MELBOURNE/SYDNEY (Reuters) – Tens of thousands of people were evacuated on Monday as “columns of fire” fueled by extreme heat and high winds bore down on a popular tourist region in Australia’s southeast.
FILE PHOTO: A volunteer from the New South Wales Rural Fire Service works to extinguish spot fires following back burning operations in Mount Hay, in Australia’s Blue Mountains, December 28, 2019. REUTERS/Jill Gralow
Wildfires that have plagued the country’s eastern coast for weeks flared again to danger levels in Victoria state’s East Gippsland, an area encompassing two national parks, lakes and coastal plains that is half the size of Belgium.
By late afternoon, officials warned holiday makers to stay off the roads because of thick smoke and unpredictable, fast-moving fires, adding that it was now too late for people who had not left the region to do so.

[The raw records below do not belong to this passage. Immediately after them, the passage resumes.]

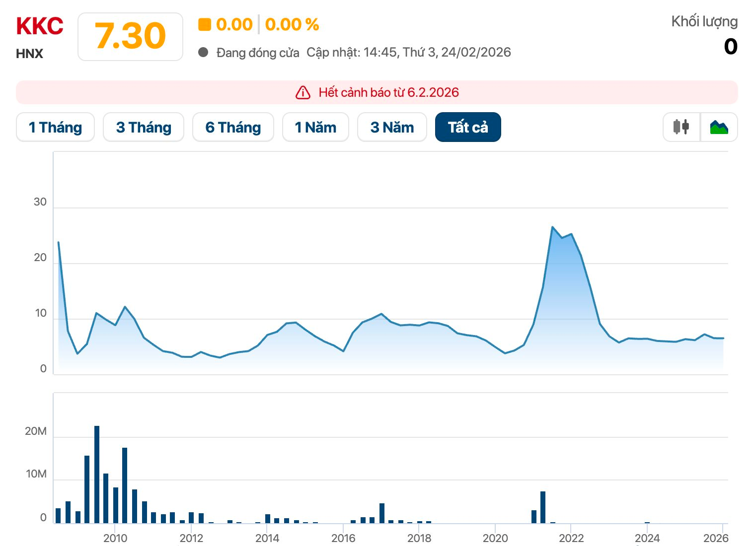 Trên sàn chứng khoán, cổ phiếu KKC giao dịch quanh vùng 7.000 đồng/cp với thanh khoản thấp.
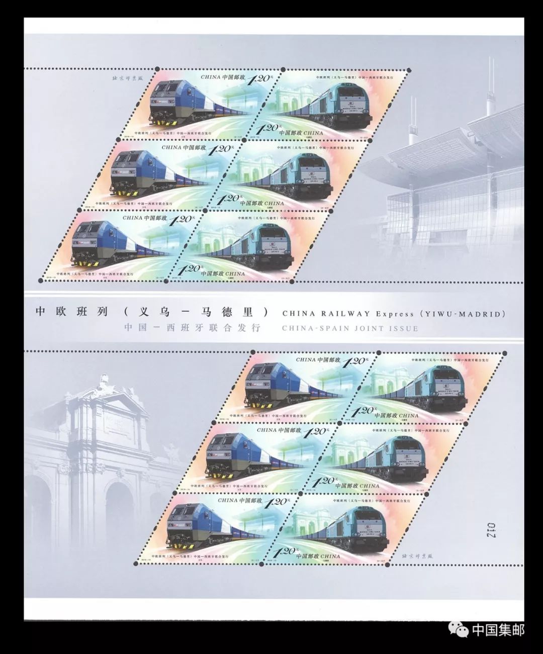 中国邮政定于2019年6月15日发行《中欧班列(义乌—马德里)》特种邮票1套2枚(与西班牙联合发行)。详情如下:
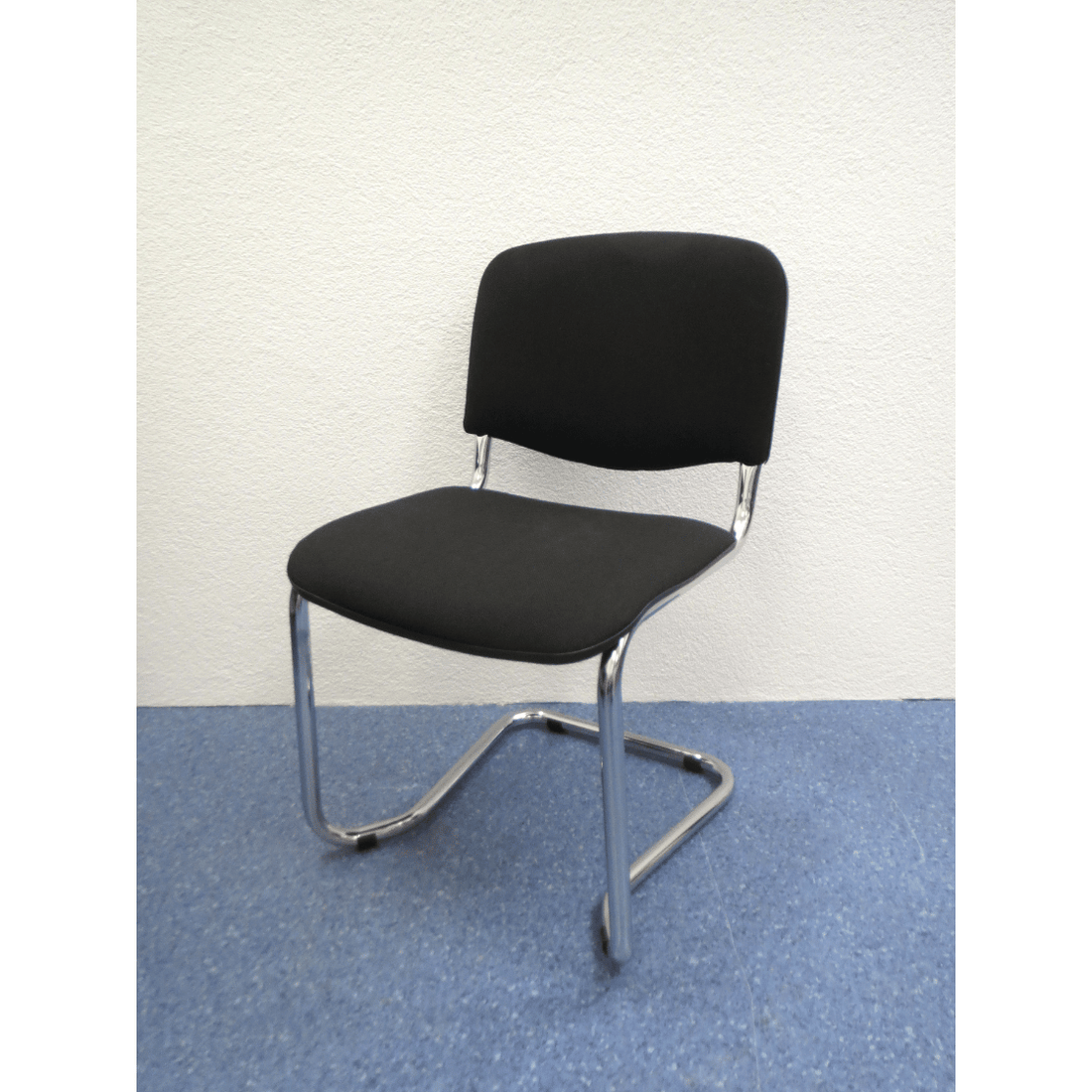 Sitag Besucherstuhl EL100 – Netzrücken Schwarz, Stoffsitz Schwarz, 4-Fussgestell Mattverchromt auf Rollen, Gebraucht
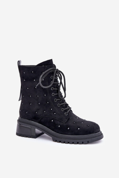 Women’s ankle boots made of eco suede are a charming proposal combining comfort with a fashionable detail. The lace-up and zip closure model ensures easy putting on and perfect fit to the foot, while the decorative heart with crystals on…
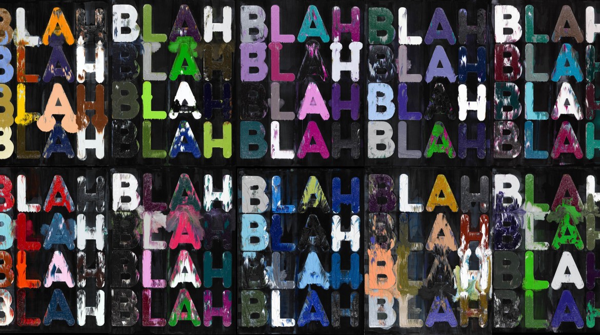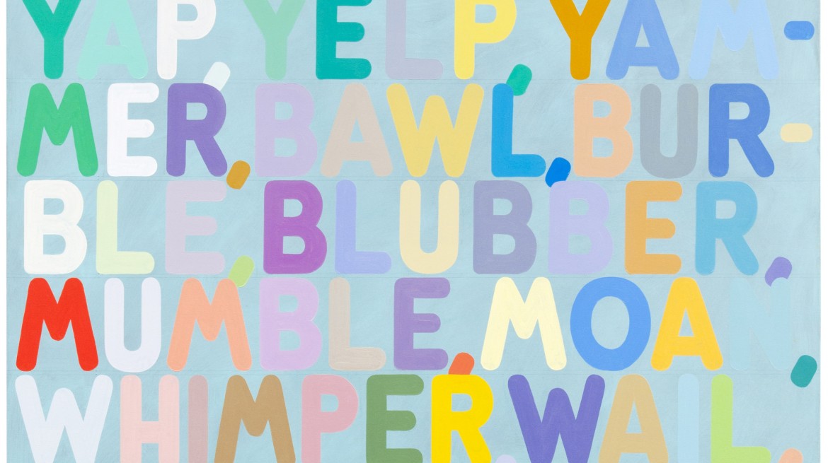 Descending from phrases such as ‘top dog’ and ‘king of the hill’ into macho mantras such as ‘rule with an iron hand’, the latest paintings of American artist Mel Bochner (b. 1940) use a thesaurus to generate word chains that are both mordantly funny and bursting with colour.
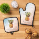 Aqua Cream Happy Tropical Pineapple Oven Mitt & Pot Holder Set
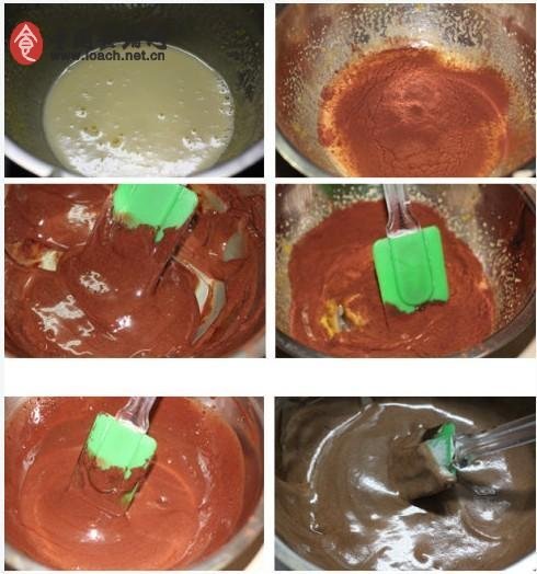 1、巧克力加淡奶油隔水融化,攪拌均勻
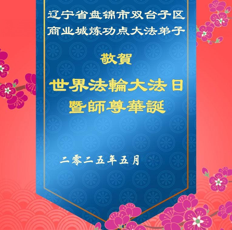 恭贺世界法轮大法日!恭祝伟大的师尊生日快乐! 师父您辛苦了! 辽宁省盘锦大法弟子敬上 二零二五年五月四日 辽宁省盘锦市双台子区商业城大法弟子恭贺世界法轮大法日暨师尊生日快乐!
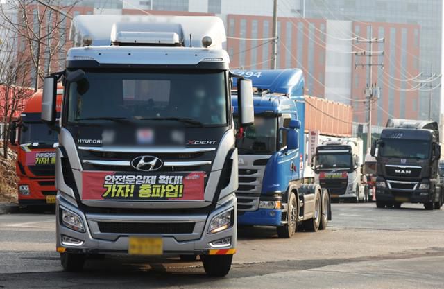 16일 국회 국토교통위원회 교통법안심사소위는 3년 일몰제를 포함한 화물차 안전운임제를 통과시켰다. 사진은 2022년 12월 경기 의왕ICD 앞에서 안전운임제 확대를 요구하는 파업 문구를 부착한 화물차가 운행하는 모습. 연합뉴스 |
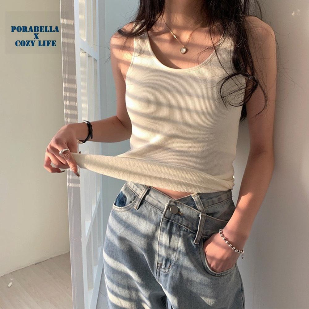 <Porabella現貨>加絨加厚背心 發熱背心 有胸墊免穿內衣 保暖背心 暖暖背心 內搭小可愛 打底衫 bratop
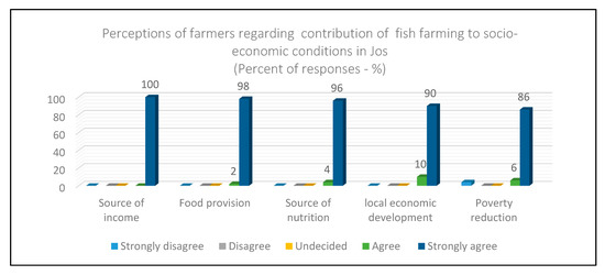 The different perceptions regarding the socio-economic contributions of urban fish farming towards the improvement of social and economic conditions in Jos are portrayed in Figure 5. All respondents strongly agreed that fish farming is serving as a source of income to them, while most (98%) mentioned that this activity is providing food for the urban population. In addition, 96% of respondents expressed strong views that fish serves as a good source of nutrition for people. Moreover, many of them (90%) strongly agreed that urban fish farming is contributing positively towards local economic growth in the Jos metropolis.
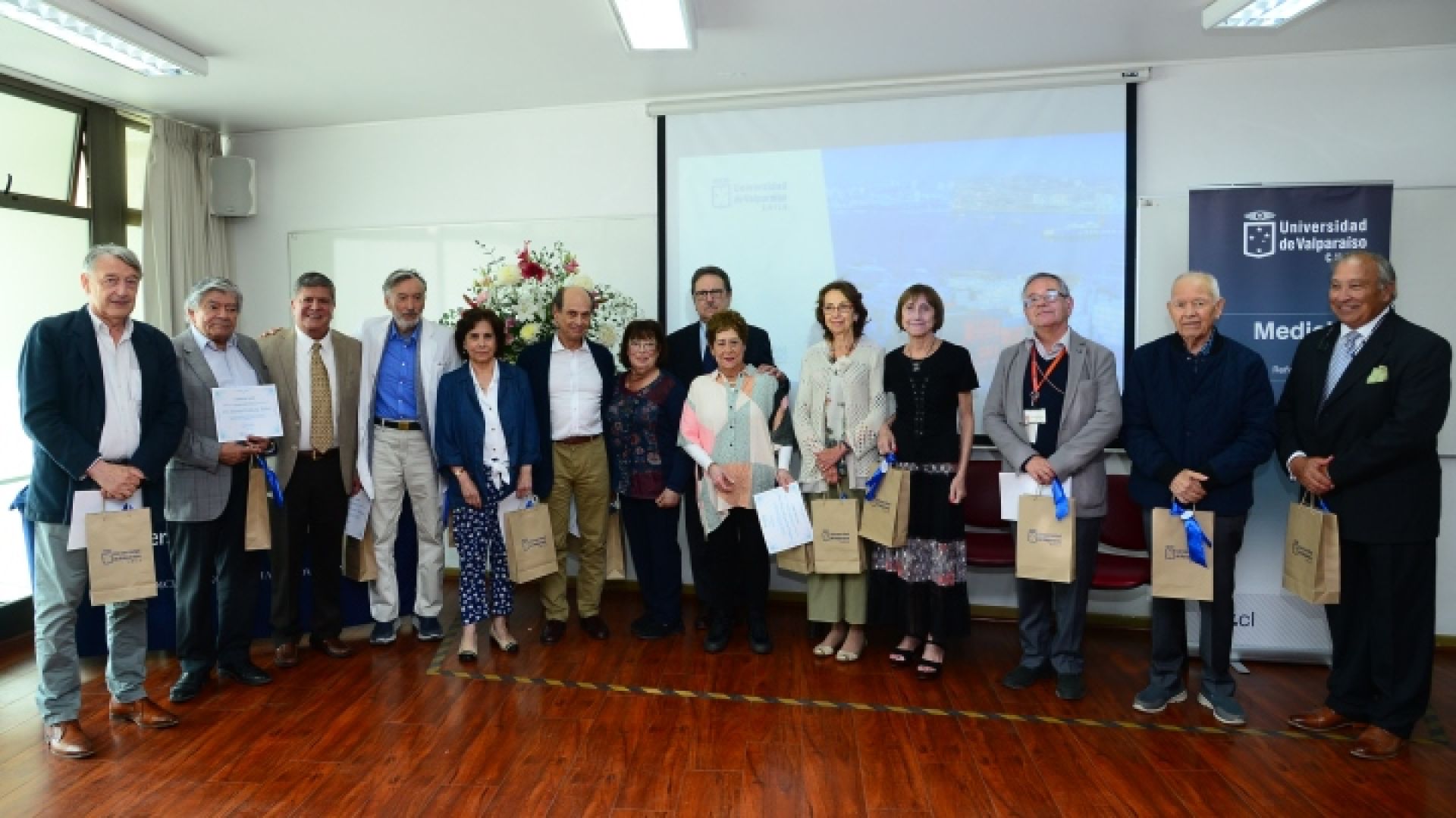 La ceremonia de homenaje permitió reunir a catorce de los veintisiete médicos pertenecientes a la generación de 1972, entre quienes figuró el doctor Antonio Orellana, actual decano de la Facultad de Medicina de la UV.
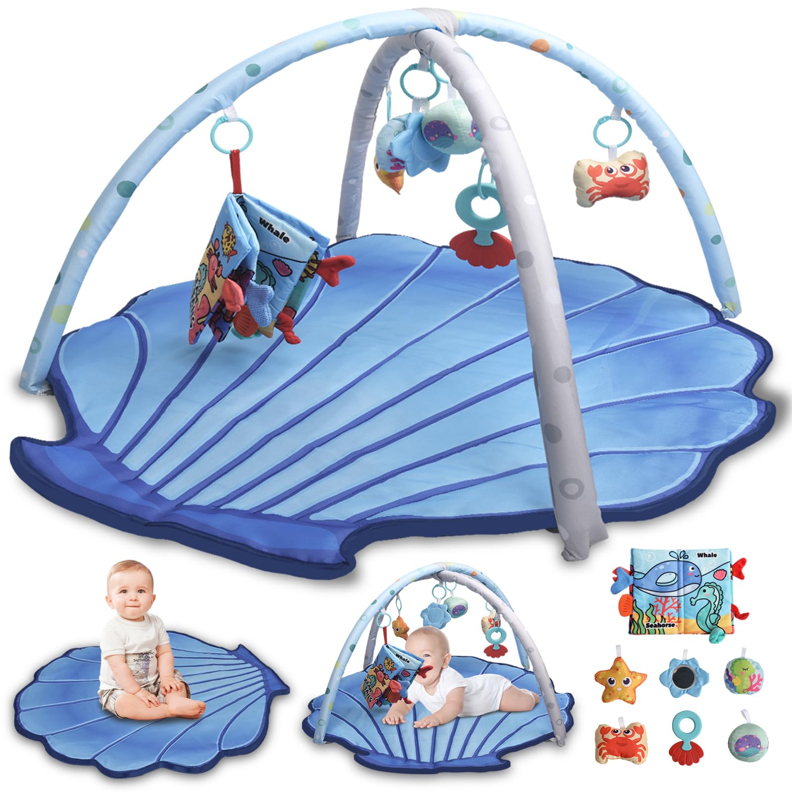 - 【Baby Activity Gym Play Mat】Our ocean-themed Baby Play Gym comes with some adorable toys that will easily stimulate your baby's curiosity in all directions while lying or sitting. Includes 6 detachable hanging toys (4 ocean animal sensory toys, 1 baby mirror and 1 fishtail rattle), 1 ocean cloth book and a soft, large-sized shell play mat. Fully meets baby's developmental needs.

The state’s Emergency Management Commissioner Andrew Crisp said “columns of fire” were punching into the atmosphere and generating their own dangerous weather systems.
“There’s lightning coming out of these columns,” Crisp told reporters. “It is unpredictable, it’s dangerous out there.”
With some firefronts stretching more than 1,000 kilometers (621 miles) and temperatures reaching as high as 43 Celsius (109 Fahrenheit), Crisp said the danger will remain high into the evening.
Bushfires have destroyed more than 4 million hectares (9.9 million acres) across Australia in recent weeks – an area the size of Japan. Eight deaths have been linked to the blazes.
At the Shady Gully Caravan Park in Mallacoota, a coastal town in East Gippsland, a manager who gave only his first name, Chris, told Reuters that “people are evacuating and they have evacuated all day. They are leaving.”
At the Mallacoota Beachcomber Caravan Park, a woman who identified herself only as Debbie said some people had chosen to stay to help fight the fires.
“The weather is very still, almost like a smoke haze and its very very hot. No winds,” she told Reuters by telephone.
Around 100 fires are burning across Australia, the bulk of them in the southeast, across the states of Victoria, New South Wales and South Australia. But blazes are also threatening lives and homes on the other side of the country – fires in Western Australia, thousands of kilometers away from the country’s east, broke containment lines north of the port city of Albany on Sunday.
The heat wave in Australia’s south even pushed up the mercury in Tasmania, the country’s closest point to Antarctica, to 40.8 Celsius (105.4°F). That was the hottest ever December temperature recorded in the state capital city of Hobart, according to the Bureau of Meteorology.
Graphic: How a mega fire spread toward Sydney interactive here
Authorities across Australia’s south, including fire-ravaged South Australia, warned on Monday that dry lightning could spark further flare-ups overnight even as the temperature is forecast to cool.
Dry lightning occurs when a storm forms from high temperatures, but the much-needed rain evaporates before reaching the ground.
Large parts of Australia have suffered through several years of drought that has created tinder dry conditions, leaving bushland ready to ignite.
In New South Wales state, temperatures are forecast to spike on New Year’s Eve, when hundreds of thousands of people are expected to gather around the harbor in Sydney to watch the city’s world-famous firework celebrations.
Authorities said they are planning to push ahead with the celebrations, despite some calls for the fireworks to be canceled as they have been in rural locations amid fears they would spark more fires.
“If regional areas have had fireworks banned, then let’s not have two classes of citizens,” tweeted New South Wales Deputy Premier John Barilaro, who represents a rural district affected by drought and fire.
An online petition calling for the Sydney spectacle to be canceled and the money given to farmers and firefighters had attracted more than 270,000 signatures by late Monday.
Local government officials backing the celebration point out it is a major tourism drawcard that fills hotels and restaurants.
Meanwhile, volunteer firefighters, who make up a large part of the country’s firefighting resources, received some good news when the federal government said on Sunday it would compensate them for loss of income given the intensity of this year’s bushfire season.
Bowing to political pressure, Prime Minister Scott Morrison said payments of up to A$6,000 ($4,186) would be available for eligible crews who had spent more than 10 days in the field this season.
Morrison returned home early from holidaying in Hawaii ahead of Christmas following the death of two firefighters and amid criticism his government was doing too little to address climate change and a country-wide drought.